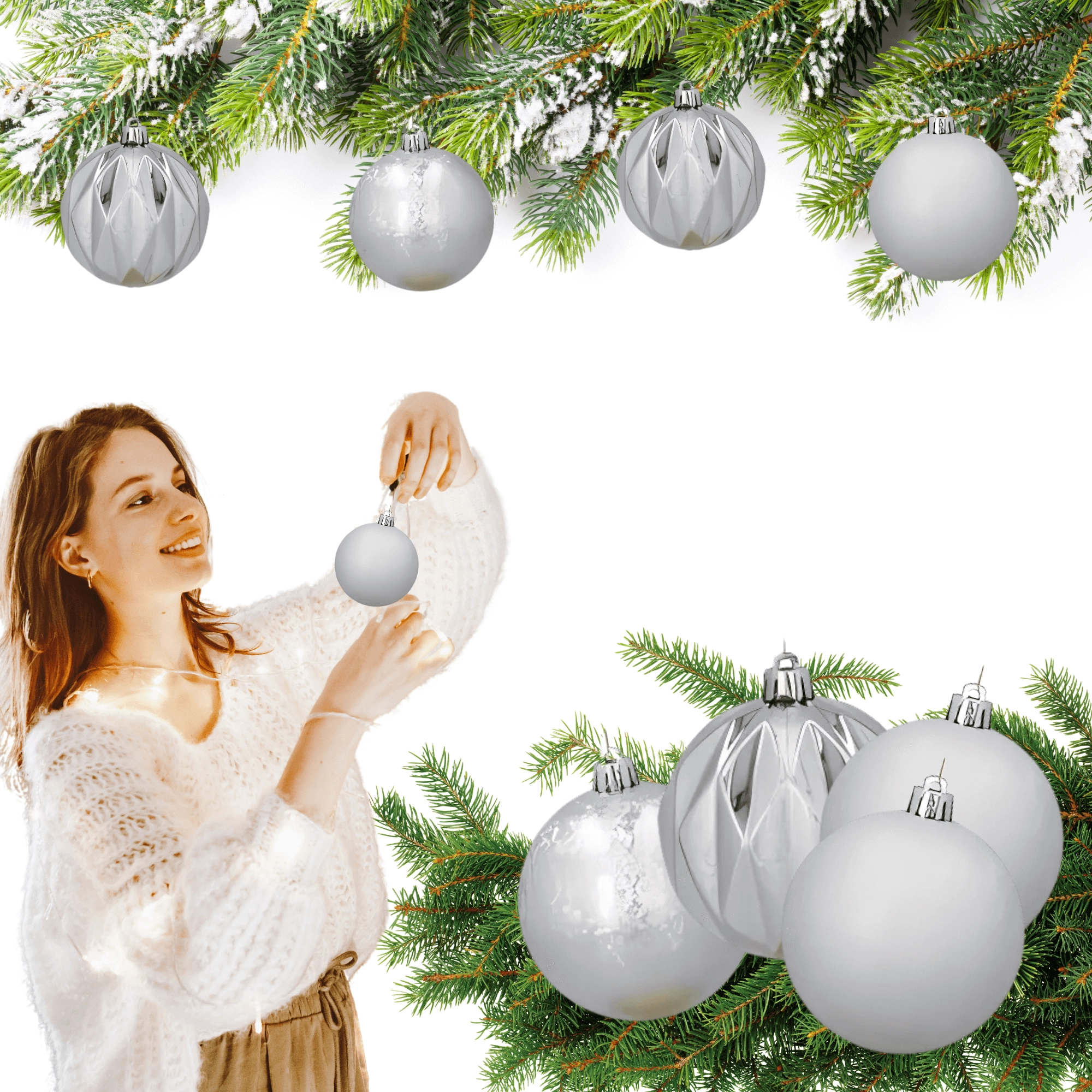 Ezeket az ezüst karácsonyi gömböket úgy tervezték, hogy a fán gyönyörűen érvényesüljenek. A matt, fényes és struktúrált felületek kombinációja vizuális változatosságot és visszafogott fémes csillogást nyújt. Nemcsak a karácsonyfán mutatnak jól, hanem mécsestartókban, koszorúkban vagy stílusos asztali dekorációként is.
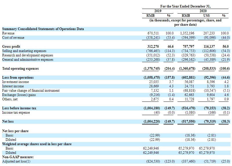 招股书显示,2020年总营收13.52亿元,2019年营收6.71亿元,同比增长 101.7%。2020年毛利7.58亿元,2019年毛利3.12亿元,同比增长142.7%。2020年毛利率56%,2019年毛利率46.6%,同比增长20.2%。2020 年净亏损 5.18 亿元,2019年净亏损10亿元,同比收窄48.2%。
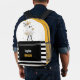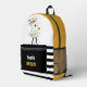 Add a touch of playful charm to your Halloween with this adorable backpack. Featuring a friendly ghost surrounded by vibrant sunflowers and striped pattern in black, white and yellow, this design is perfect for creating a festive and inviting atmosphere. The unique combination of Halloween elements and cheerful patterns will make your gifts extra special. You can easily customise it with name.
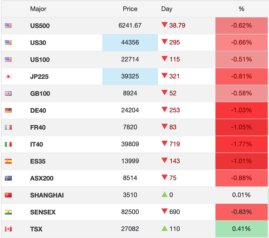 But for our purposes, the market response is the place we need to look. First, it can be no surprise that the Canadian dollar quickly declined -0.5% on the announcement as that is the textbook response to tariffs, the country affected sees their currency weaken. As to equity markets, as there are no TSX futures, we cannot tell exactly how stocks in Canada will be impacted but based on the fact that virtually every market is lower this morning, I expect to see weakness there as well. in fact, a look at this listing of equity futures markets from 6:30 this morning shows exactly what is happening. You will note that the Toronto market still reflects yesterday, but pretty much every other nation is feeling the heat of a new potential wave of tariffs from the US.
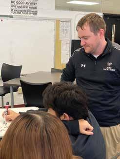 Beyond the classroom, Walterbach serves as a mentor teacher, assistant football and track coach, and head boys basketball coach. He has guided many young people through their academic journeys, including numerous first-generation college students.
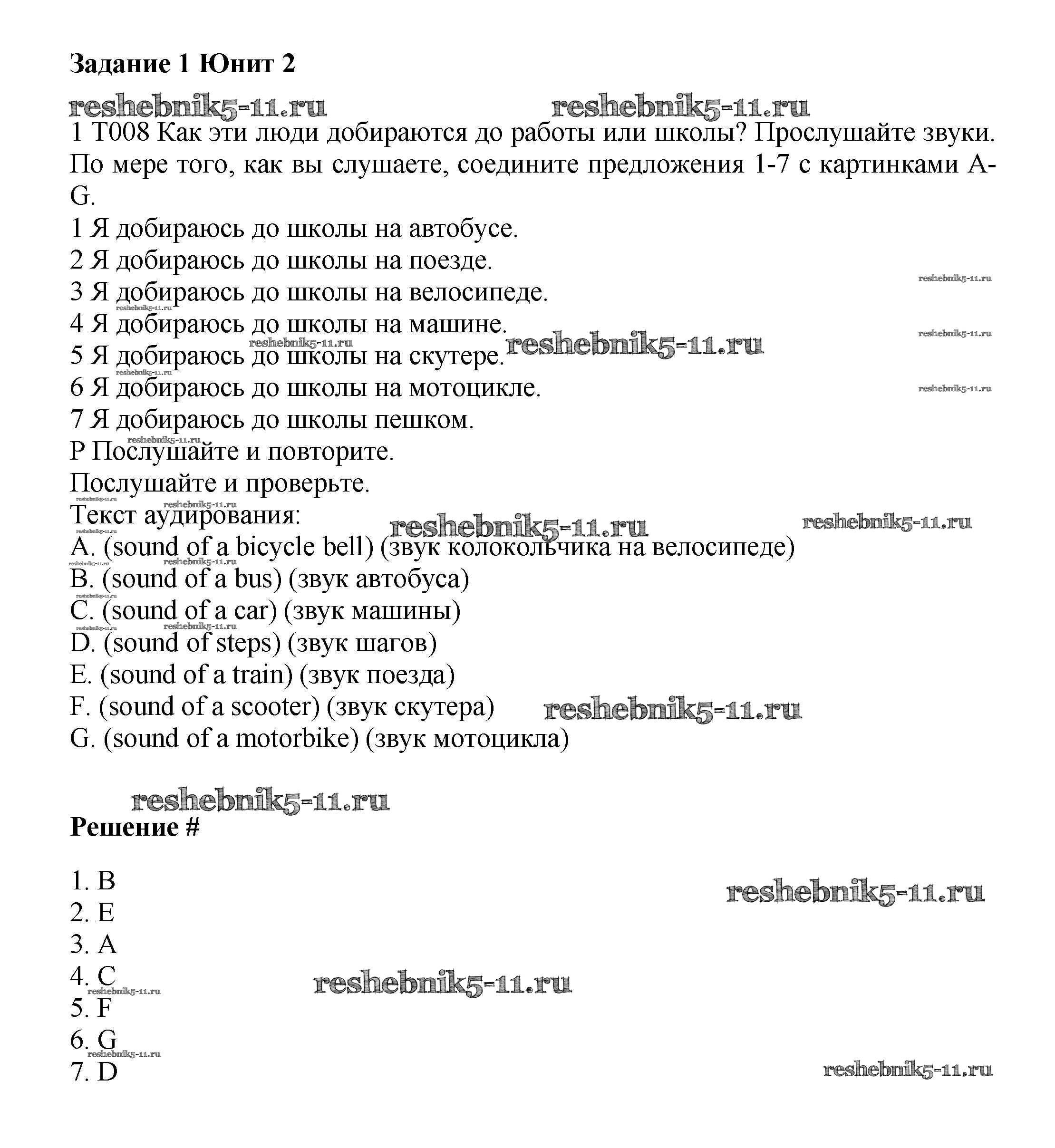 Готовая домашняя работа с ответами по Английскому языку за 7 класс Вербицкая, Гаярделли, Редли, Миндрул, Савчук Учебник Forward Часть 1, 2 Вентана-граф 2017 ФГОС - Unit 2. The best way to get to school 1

*WHAT IS REQUIRED*.
Lines from the one that contains "Beyond the classroom, Walterbach" to the final line of the material are the whole answer. Reproduce them word for word and skip the pictures.

*TASK RESPONSE*.
 Beyond the classroom, Walterbach serves as a mentor teacher, assistant football and track coach, and head boys basketball coach. He has guided many young people through their academic journeys, including numerous first-generation college students.
 Готовая домашняя работа с ответами по Английскому языку за 7 класс Вербицкая, Гаярделли, Редли, Миндрул, Савчук Учебник Forward Часть 1, 2 Вентана-граф 2017 ФГОС - Unit 2. The best way to get to school 1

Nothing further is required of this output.